Characters of equivariant D-modules on Veronese cones

TL;DR

This paper characterizes simple equivariant D-modules on Veronese cones, provides a counterexample to a conjecture for d=2, and analyzes local cohomology modules, revealing their simplicity and unique non-zero instance.

Contribution

It describes characters of simple equivariant D-modules on Veronese cones and presents a counterexample to Levasseur's conjecture for d=2, advancing understanding of D-module structures.

Findings

Characterization of simple equivariant D-modules on Veronese cones.

Counterexample to Levasseur's conjecture for d=2.
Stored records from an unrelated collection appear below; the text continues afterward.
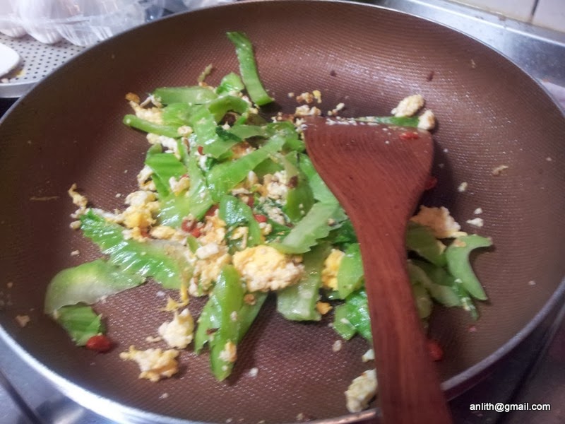 3-用玄米油先炒成散蛋再加入切好的芥菜心拌炒.起鍋前加入枸杞和鮮味炒手在伴一下即可
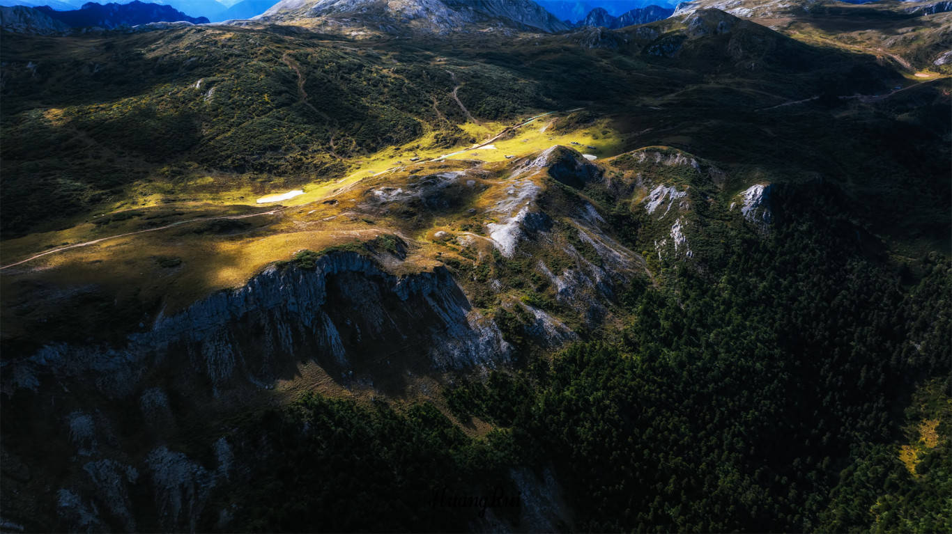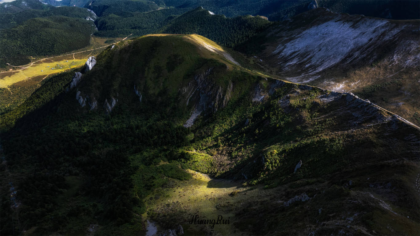 石卡雪山主峰海拔4449米,是香格里拉市区附近海拔最高的地方。站在山顶,可以环视四周,北眺纳帕海,南望千湖山,东观松赞林寺和独克宗古城,西面则是金沙江的奔腾不息。这里的壮丽景色让人心旷神怡,仿佛置身于仙境之中。在香格里拉市区无法航拍,在石卡雪山山顶可以弥补这个遗憾。一眼囊括香格里拉全城。
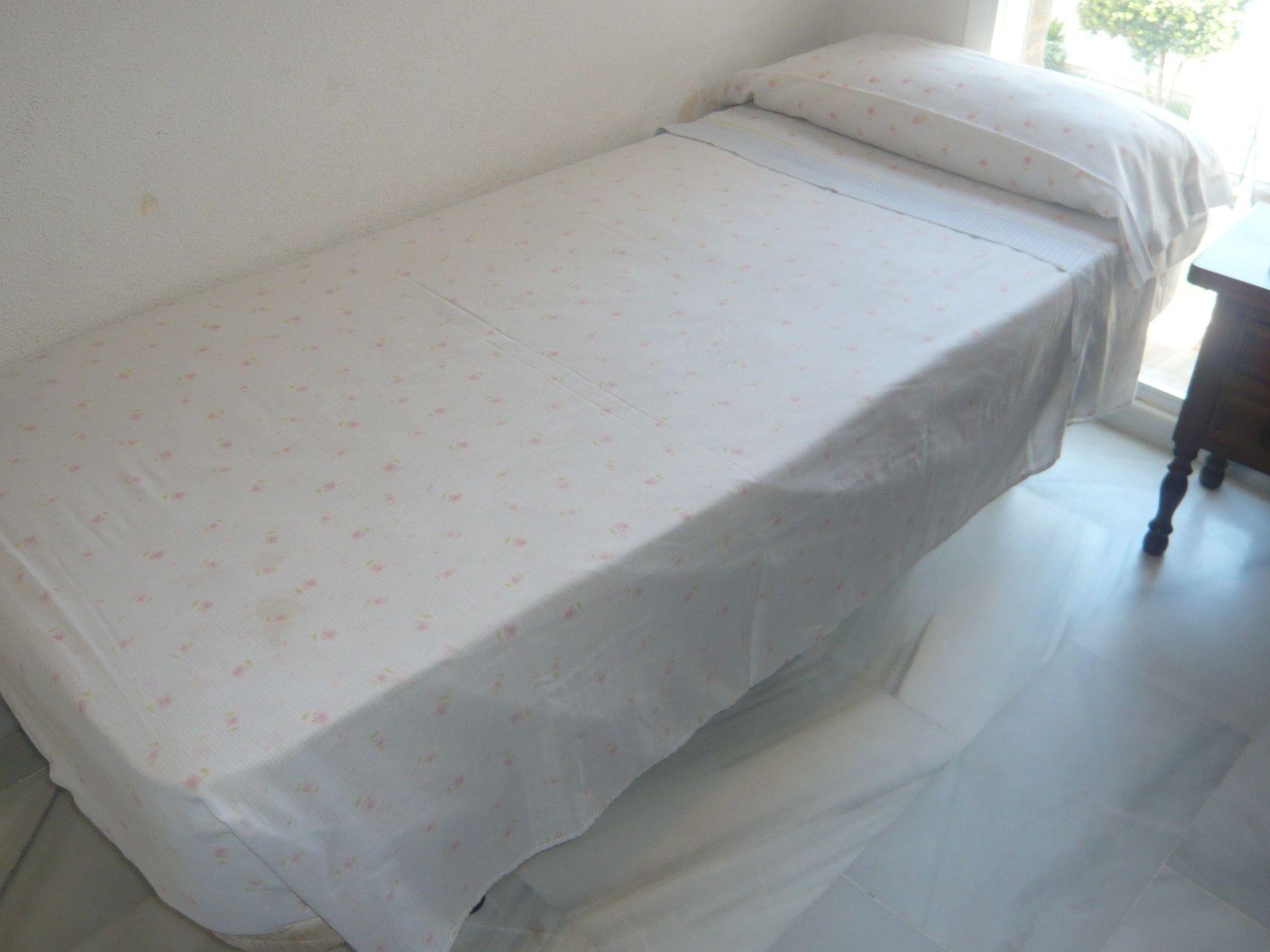 Flat no. 42, DIRECTLY on the BEACH !!! 100% sea view !!! DIRECTLY on the BEACH !!! 100% sea view !!! Sea noise included !!! APARTMENT in absolutely quiet DREAM LOCATION, away from any traffic, but centrally located, pools, tennis, sunbathing lawns, kilometre-long sandy beach right on the doorstep, approx. 10 metres away complete infrastructure, simply everything available. NOT A HIGH-RISE FLAT!!! SEA VIEW from the flat and from the terrace! Beach flat fully furnished and well maintained, 1 terrace approx. 12 m² off the living room, with seating, table and parasol 1 kitchen, large fridge with freezer, Zerrann hob, oven, dishwasher microwave, toaster, electric coffee machine and " espresso" Spanish, kettle, hand blender 1 bedroom with two beds 2.00m x 0.90m for 2-pers. 1 bedroom with one bed 1,90m x 0,80m for 1-pers. 1 sofa convertible to bunk bed for 2-pers. 1 living room with sofa bed (2)-pers. 1 TV, 1 radio, 1 alarm clock (on request) 1 bathroom with washbasin, toilet, shower, small hairdryer on request. Radiant heater above the door, washing machine, clothes horse & laundry basket, . Ironing board & simple iron (on request), mop with bucket and broom with shovel 1 SAFE in the parents' bedroom. In winter with electric radiators in the living room & master bedroom, as well as in the children's room.
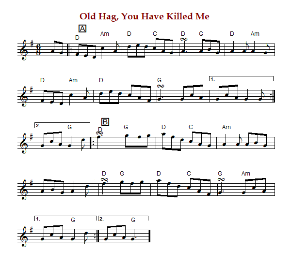 Have Killed Me" or "Stop old hag or you’ll kill me" is an Irish double jig in 6/8 time and
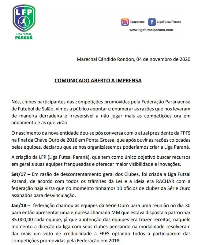 Set/17 – Em razão de descontentamento geral dos Clubes, foi criada a Liga Futsal Paraná, de acordo com todos os trâmites da Lei e a ideia era RACHAR com a federação haja vista que no momento tínhamos 10 ofícios de clubes da Série Ouro assinados para desvinculação.
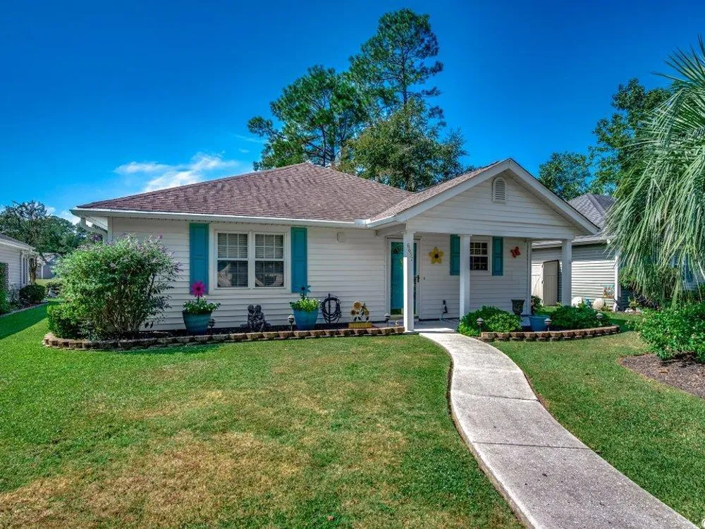 Well kept lovely two bedroom, two bath home on a cul-de-sac at Myrtle Beach Golf & Yacht with an open layout and sunroom. Bedrooms are spacious and primary has a large walk in closet. External storage room to keep the beach chairs and gardening tools. Hot water tank was replaced 2023 & A/C replaced 2020. Myrtle Beach Golf and Yacht is centrally located nearby Highway 31 enabling an easy commute anywhere along the Grand Strand, a few minutes from the Waccamaw river, and less than 20 minutes from the beautiful blue Atlantic Ocean. The desirable Myrtle Beach Golf & Yacht offers 24hour security, large community pool, tennis, pickleball, and rec facility.
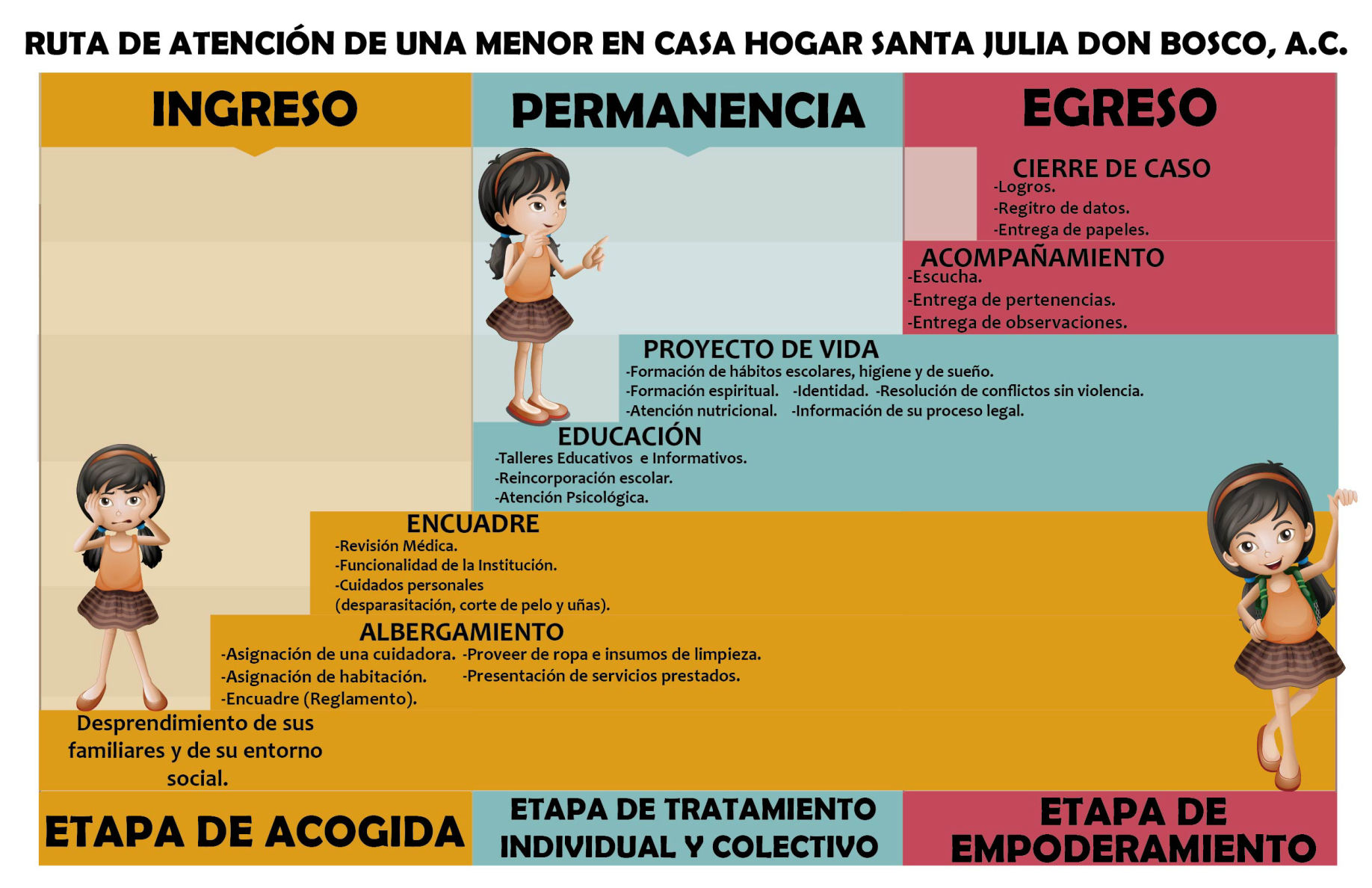 • La menor de edad debe ser canalizada por una Institución gubernamental con el poder legal de resguardo (Ministerio Público, Procuradurías y diferentes DIF´s del Estado).
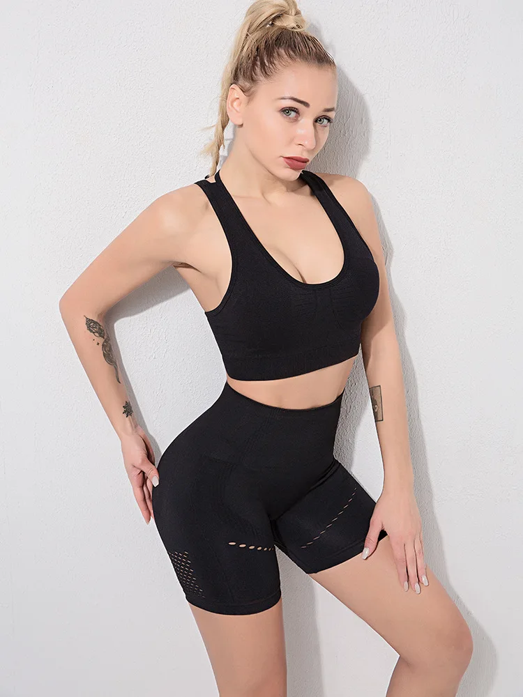 Комплект из 2 предметов, бесшовные шорты для спортзала, спортивный бюстгальтер для женщин, шорты для спортзала с высокой талией, спортивный комплект для йоги, Женский комплект для занятий фитнесом, спортивная одежда, комплекты для упражнений

Identification of the unique non-zero local cohomology module as simple.

Abstract

For d > 1, we consider the Veronese map of degree d on a complex vector space W , Ver_d : W -> Sym^d W , w -> w^d , and denote its image by Z. We describe the characters of the simple GL(W)-equivariant holonomic D-modules supported on Z. In the case when d is 2, we obtain a counterexample to a conjecture of Levasseur by exhibiting a GL(W)-equivariant D-module on the Capelli type representation Sym^2 W which contains no SL(W)-invariant sections. We also study the local cohomology modules H_Z^j(S), where S is the ring of polynomial functions on the vector space Sym^d W. We recover a result of Ogus showing that there is only one local cohomology module that is non-zero (namely in degree j = codim(Z)), and moreover we prove that it is a simple D-module and determine its character.